Зятюшка, состряпав на плутовском лице своем смиренное благолепие, почти ангельскую невинность, в два приема опустошал поставленную перед ним бутылку. Уходя, обыкновенно советовал:
– Вишенка еще гожей стала. Поглядывай за ней, мать. Примечаю я, увиваются возле нее двое: Мишки хохла средний сын Колька да Ванька Полетаев. Этого недавно я за церковной оградой, у сиреневого куста, с Вишенкой-то видал. Да и в сад больно зачастил. А все почему? А потому, что рядом с вашим Митрий Резак свой посадил. Сынок его, Ванька, так там и торчит. Слышь, мать? Вот и я говорю: гляди, принесет в подоле…
– Типун тебе на язык, бесстыдник! Нализался и болтаешь пустое. Собрался, наелся, напился – и иди с богом! Звонить вон к вечерне уж пора.

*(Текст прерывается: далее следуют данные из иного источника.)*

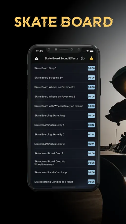 Great! With this app you get a wide range of skate board sound effects such as, Skate Board Drop, Skate Board Wheels on Pavement, Skate Board Skate By, Skate Board Grinding, Skate Board Land after Jump, Skateboarding Skidding to a Stop and Skateboarding with Rough Wheels just to name a few.

Иди, иди, родимый! – И потихоньку выталкивала его, тепленького, за порог.
После трехдневной спячки Илья Спиридонович смягчался. Наевшись блинов и наикавшись вволю, он сам выспрашивал у Авдотьи, что бы такое прикупить для дочери, и, добросовестно, как ученик, повторив все вслед за нею – «для памяти», шел во двор запрягать лошадь. Вечером шумно подъезжал к дому и, хмельной, веселый, кричал:
– Авдотья, туды тебя растуды! Почему не встречаешь? Прямо к Ужиному мосту должна была притить, а ты сидишь! Наряжай Вишенку, как царевну! – и заключал пословицей, им же самим и придуманной: – Бедно живем – на весь свет орем!
Авдотья Тихоновна молча забирала в телеге покупки и уносила в избу, не проявив особой радости: в мужниной пословице ей уж чудились нотки осуждения столь безумной расточительности. А пройдет день-другой, доброта и вовсе иссякнет в не очень-то просторном сердце Ильи Спиридоновича, и он будет пилить ее часами, точить, как ржа железо, за то, что совратила на неслыханные расходы.
Дочь между тем наряжалась. Особенно шел Фросе красный сарафан, купленный отцом в Саратове во время последнего, зимнего хождения с извозом. В нем она была такой, что у встречного сами собой вспархивали с расцветших в доброй улыбке губ по-хорошему завидчивые слова:
– До чего румяна, статна и пригожа!
Фрося вспыхивала вся от этих слов, будто внутри ее вдруг зажигался красный фонарик, и бежала поскорее от сказавшего их, хотя готова была слушать сладкие эти речи и в десятый, и в сотый, и в тысячный раз. Она и так слышала их довольно часто и всегда, волнуясь, охваченная пламенем, думала про себя: «Боже милостивый, как же хорошо родиться на свет красивой!»